I started with a 200 bar / 3000 psi SCUBA tank and quickly sold it and replaced it with a 300bar / 4500 psi SCBA tank.
Most pre charged pneumatic air rifles like around a 200 bar fill. With a 200 bar tank, that means you can only fill the rifle totally full for the initial fill and every fill after that is short filled as the pressure in the tank will decrease every subsequent fill. With a 300 bar tank, you can get many complete fills out of the tank until the tank gets down to 200 bar and then after that you can still get many partial fills before having to refill the tank.
Better still is a cascade setup with two tanks; you use the initial tank for the bulk fill and one the initial tank drops below 200 bar and you can no longer fill the rifle completely you do the bulk fill off the initial tank, then close the valve for that tank, and do the final "top off" with the second tank. You can get *many* fills out of a cascade arrangement but it does cost substantially more (two tanks plus dual fill adapters.)
I have a twin tank cascade setup and have 3x 44CF 300bar / 4500 PSI tanks-- the double tank cascade filling arrangement gets me many, many fills of the rifle before I have to have the tank refilled. Once one tank becomes too low to fill the rifle I switch to my spare 3rd tank and send the low tank with my firefighter buddy for a refill.
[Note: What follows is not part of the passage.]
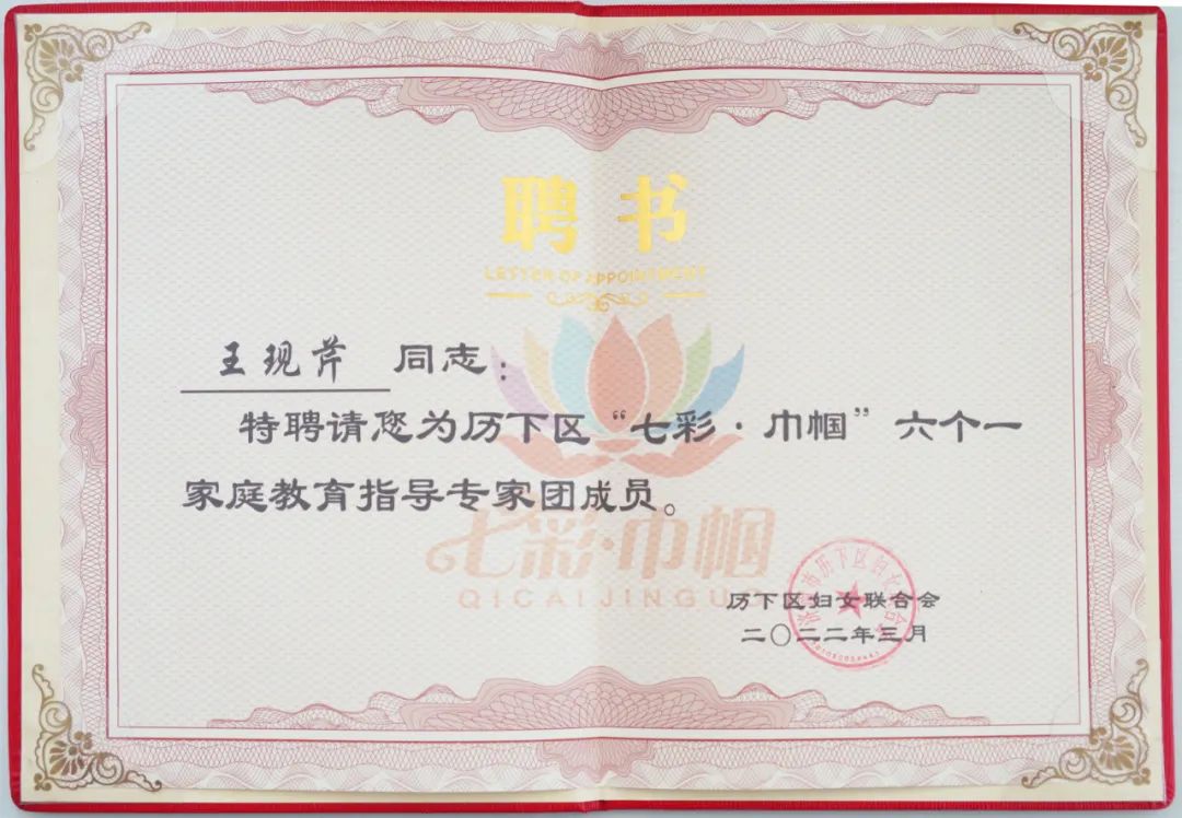王現(xiàn)芹被聘為歷下區(qū)“七彩•巾幗”六個(gè)一家庭教育指導(dǎo)專家團(tuán)成員,她表示,將堅(jiān)持落實(shí)習(xí)總書記關(guān)于“注重家庭、注重家教、注重家風(fēng)”的重要論述,全方位解讀家庭、家教、家風(fēng)話題和家庭建設(shè)的深刻內(nèi)涵,當(dāng)好家庭建設(shè)的“指導(dǎo)員”。

Remember that the filament wound 300 bar bottles have a 15 year lifespan. You can often pick up very good deals on ebay on tanks that have 7-8 years left on them, but you need to figure out your cost in dollars per year of lifespan and see if that used tank is really as good of a deal as you think compared to a new tank with a full 15 year lifespan.
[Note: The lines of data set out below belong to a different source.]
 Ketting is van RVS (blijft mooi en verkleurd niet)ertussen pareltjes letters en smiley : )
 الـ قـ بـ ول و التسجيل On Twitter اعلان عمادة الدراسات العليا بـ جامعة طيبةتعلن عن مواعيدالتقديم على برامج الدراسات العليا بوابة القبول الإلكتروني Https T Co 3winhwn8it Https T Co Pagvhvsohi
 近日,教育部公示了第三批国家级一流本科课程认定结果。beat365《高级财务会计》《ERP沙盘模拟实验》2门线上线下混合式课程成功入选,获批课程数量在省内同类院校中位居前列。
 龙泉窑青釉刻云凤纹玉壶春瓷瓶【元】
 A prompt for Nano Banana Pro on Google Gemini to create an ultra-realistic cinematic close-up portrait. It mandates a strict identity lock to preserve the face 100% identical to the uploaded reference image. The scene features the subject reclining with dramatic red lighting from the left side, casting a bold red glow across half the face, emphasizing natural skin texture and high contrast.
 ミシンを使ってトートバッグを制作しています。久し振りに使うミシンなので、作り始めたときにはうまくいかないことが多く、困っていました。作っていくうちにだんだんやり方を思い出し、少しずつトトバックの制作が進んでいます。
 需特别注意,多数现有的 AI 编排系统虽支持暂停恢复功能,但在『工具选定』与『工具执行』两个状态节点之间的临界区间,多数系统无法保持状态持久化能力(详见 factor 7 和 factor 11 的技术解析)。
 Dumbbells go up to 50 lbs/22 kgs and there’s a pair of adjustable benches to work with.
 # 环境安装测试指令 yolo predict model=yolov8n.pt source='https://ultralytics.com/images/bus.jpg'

Regarding a regulator, unless you plan to "tether" the gun to the bottle for a long shooting session a regulator isn't required-- you simply crack the valve and fill the gun until the gun is at its proper maximum pressure. Obviously don't open the valve wide open or walk away and let the bottle overfill the gun...
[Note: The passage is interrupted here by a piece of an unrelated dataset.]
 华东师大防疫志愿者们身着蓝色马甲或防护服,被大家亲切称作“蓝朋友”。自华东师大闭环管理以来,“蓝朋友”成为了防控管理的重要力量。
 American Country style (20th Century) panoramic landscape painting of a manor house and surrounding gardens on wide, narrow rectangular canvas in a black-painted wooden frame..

If you're only going to buy one bottle I would get either a 66cf, 71cf, 88cf, or 97cf 300 bar tank. Twin 44cf 300 bar bottles are more versatile and will actually get you more complete fills of the rifle before having to refill the tank than a single 66cf or 88cf tank but it will cost more up front.
Joe Brancato has a lot of good info here... I got all my fittings, microbore hoses, and gauges for my cascade filling arrangement from him.
http://airtanksforsale.com/
Oh, and find your local filling capabilities before shelling out a bunch of money. My local dive shop only has a 200bar / 3000 psi compressor for SCUBA tanks but my local fire station has no problem filling 300 bar / 4500 psi SCBA tanks.